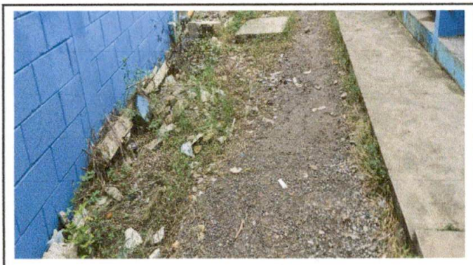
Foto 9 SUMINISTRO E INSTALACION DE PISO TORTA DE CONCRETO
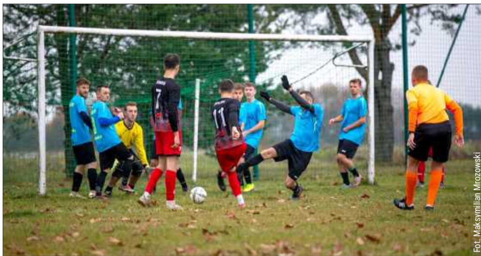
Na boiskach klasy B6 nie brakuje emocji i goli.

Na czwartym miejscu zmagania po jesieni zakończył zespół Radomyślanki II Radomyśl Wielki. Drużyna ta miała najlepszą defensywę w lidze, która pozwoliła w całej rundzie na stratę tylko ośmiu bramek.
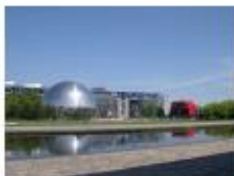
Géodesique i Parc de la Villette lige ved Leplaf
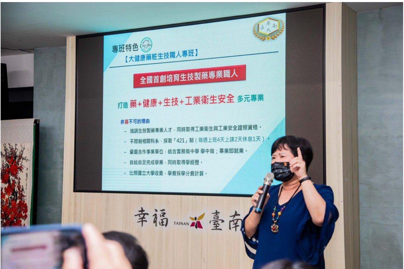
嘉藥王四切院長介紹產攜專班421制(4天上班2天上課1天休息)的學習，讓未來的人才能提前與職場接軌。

* * *

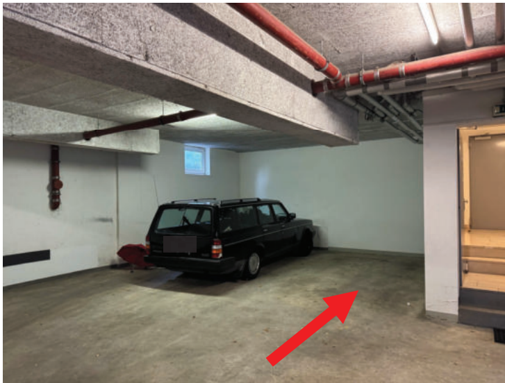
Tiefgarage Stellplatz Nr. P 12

--

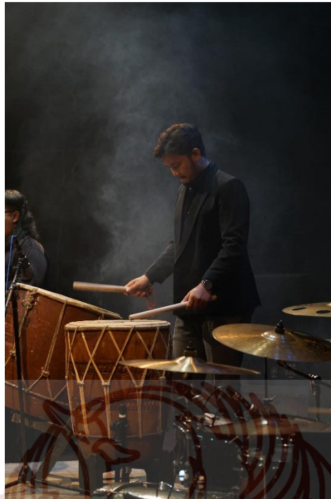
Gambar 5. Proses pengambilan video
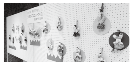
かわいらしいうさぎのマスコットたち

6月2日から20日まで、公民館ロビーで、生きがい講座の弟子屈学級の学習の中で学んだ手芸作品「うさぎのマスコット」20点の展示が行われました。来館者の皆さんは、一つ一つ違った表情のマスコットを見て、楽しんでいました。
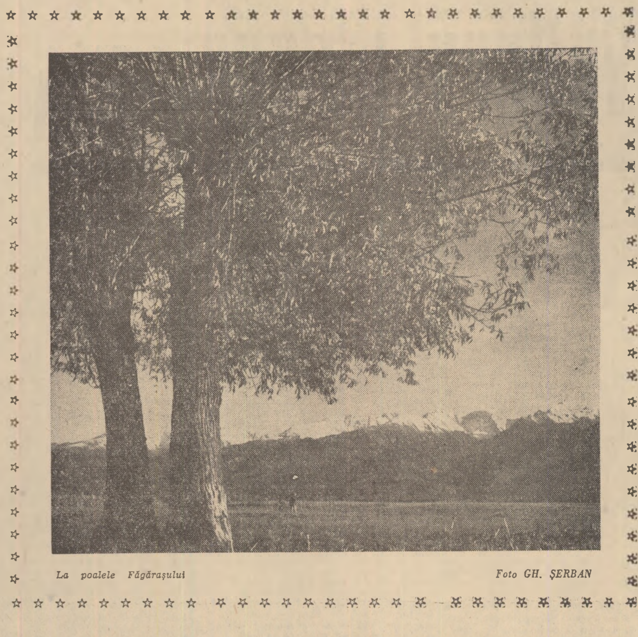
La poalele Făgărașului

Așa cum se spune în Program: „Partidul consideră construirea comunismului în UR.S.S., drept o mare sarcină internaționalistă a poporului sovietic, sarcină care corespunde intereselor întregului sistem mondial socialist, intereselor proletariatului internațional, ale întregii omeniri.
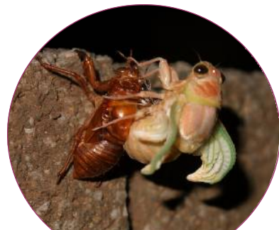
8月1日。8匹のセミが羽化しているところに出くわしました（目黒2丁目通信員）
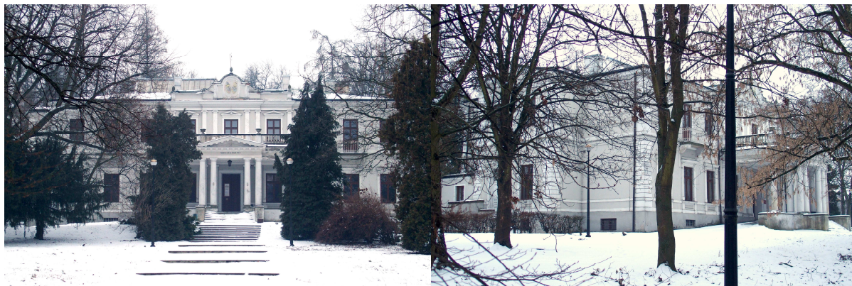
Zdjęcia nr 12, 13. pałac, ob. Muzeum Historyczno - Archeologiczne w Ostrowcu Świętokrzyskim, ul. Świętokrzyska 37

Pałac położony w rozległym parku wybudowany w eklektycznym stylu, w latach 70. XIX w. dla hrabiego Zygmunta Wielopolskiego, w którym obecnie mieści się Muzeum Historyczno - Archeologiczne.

WHAT YOU HAVE TO DO: Reproduce, word for word, everything in the listing above from the line containing "Gambar 5. Proses pengambilan video" down to the line containing "Zdjęcia nr 12, 13.", both of them included. No pictures.

ANSWER TO THIS EXERCISE:
Gambar 5. Proses pengambilan video
かわいらしいうさぎのマスコットたち

6月2日から20日まで、公民館ロビーで、生きがい講座の弟子屈学級の学習の中で学んだ手芸作品「うさぎのマスコット」20点の展示が行われました。来館者の皆さんは、一つ一つ違った表情のマスコットを見て、楽しんでいました。
La poalele Făgărașului

Așa cum se spune în Program: „Partidul consideră construirea comunismului în UR.S.S., drept o mare sarcină internaționalistă a poporului sovietic, sarcină care corespunde intereselor întregului sistem mondial socialist, intereselor proletariatului internațional, ale întregii omeniri.
8月1日。8匹のセミが羽化しているところに出くわしました（目黒2丁目通信員）
Zdjęcia nr 12, 13. pałac, ob. Muzeum Historyczno - Archeologiczne w Ostrowcu Świętokrzyskim, ul. Świętokrzyska 37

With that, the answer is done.